In the eight months since our book was published, I have donated copies of the book to a number of academic libraries and have requested numerous reviews. The libraries at all of the academic institutions from which I graduated have rejected the book, without explanation, although three other institutions—one public university and two seminaries—have accepted it into their collections. My own local public library, though initially very excited to be receiving a copy of a book by a real "local author" (Topeka, Kansas, doesn't have many), has since declined to shelve the book, apparently on the grounds that I'm a long-time resident but not really an "author." Furthermore, since publication we have received only a single review. That review, written by Dr. Bruce Cook of ReserveBooks.com, is very positive. Dr. Cook praises our book, saying that it "breaks new ground in the increasingly important struggle for unity among Christian believers" and that the book may initiate "the most significant new movement in the Christian church since the Reformation." (Dr. Cook's full review may be found at www.reservebooks.com/reviews/oneness.htm ). However, what Dr. Cook failed to notice is that the book was published illicitly, by unknown and unapproved authors with a POD publisher. Ms.
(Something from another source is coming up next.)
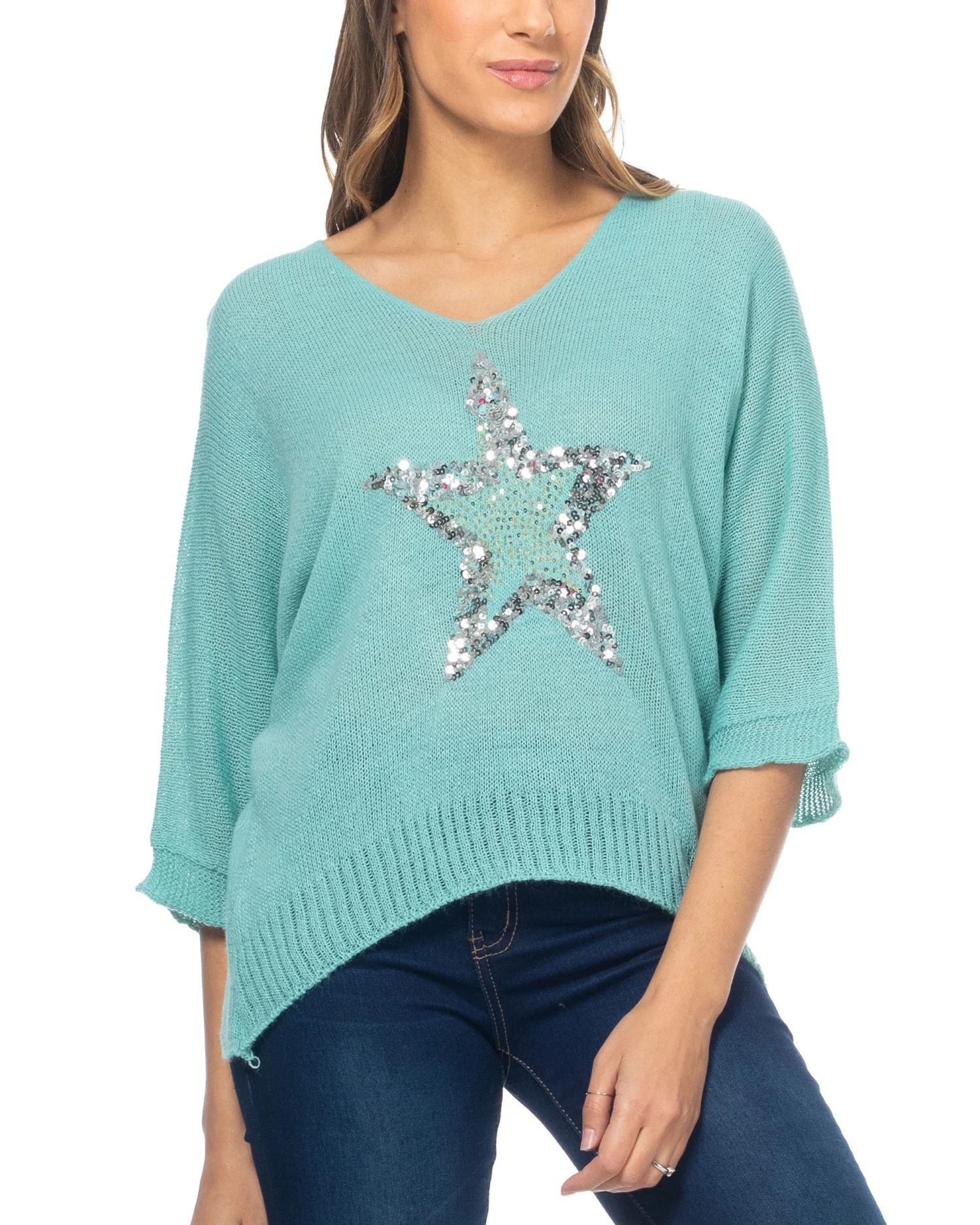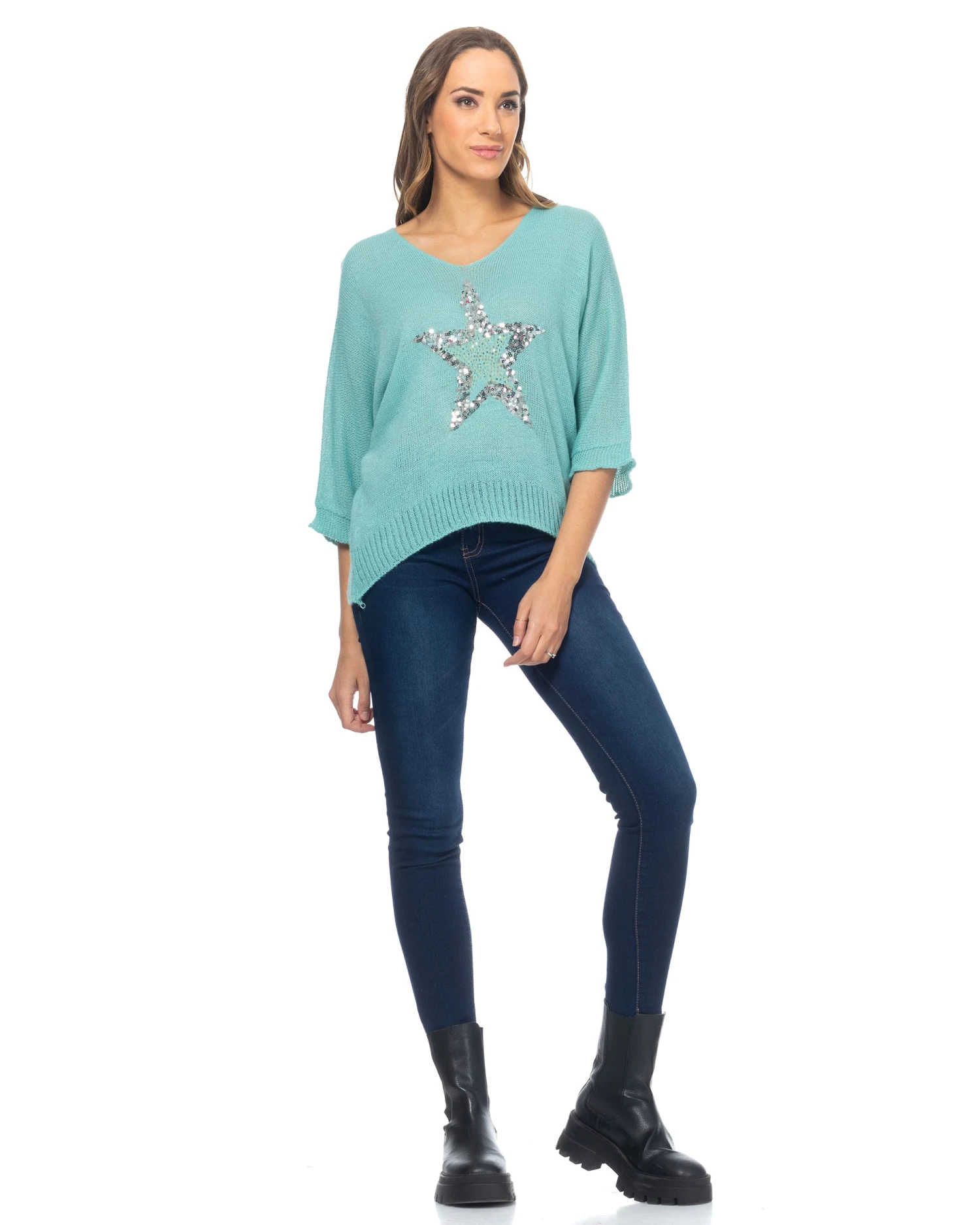 Strickpullover mit Strassstern und Dreiviertel-Ärmel

Dawson is probably quite correct in predicting that publication under these circumstances will limit its effectiveness. It probably is true that, if, in fact, the ideas in our book start the "most significant movement in the Christian church since the Reformation," they will do so only by being noticed and confiscated by some recognized, licit Christian author.
My experiences in academe, as a web author and as an author of a book published by POD publisher all appear to support my conclusion that the real issue involved in self-publishing is not so much one of credibility as one of institutional permissions. It is a distinction between licit and illicit publication. Illicit publications will not be credible, no matter how good they may be, because they came to market by an unapproved channel. Moreover, illicitly published material may well be considered subject to confiscation—use without credit—by recognized authors publishing material through the approved channels.
However, I will be thrilled if the comments this article draws prove me wrong! I would love my extreme pessimism to prove incorrect.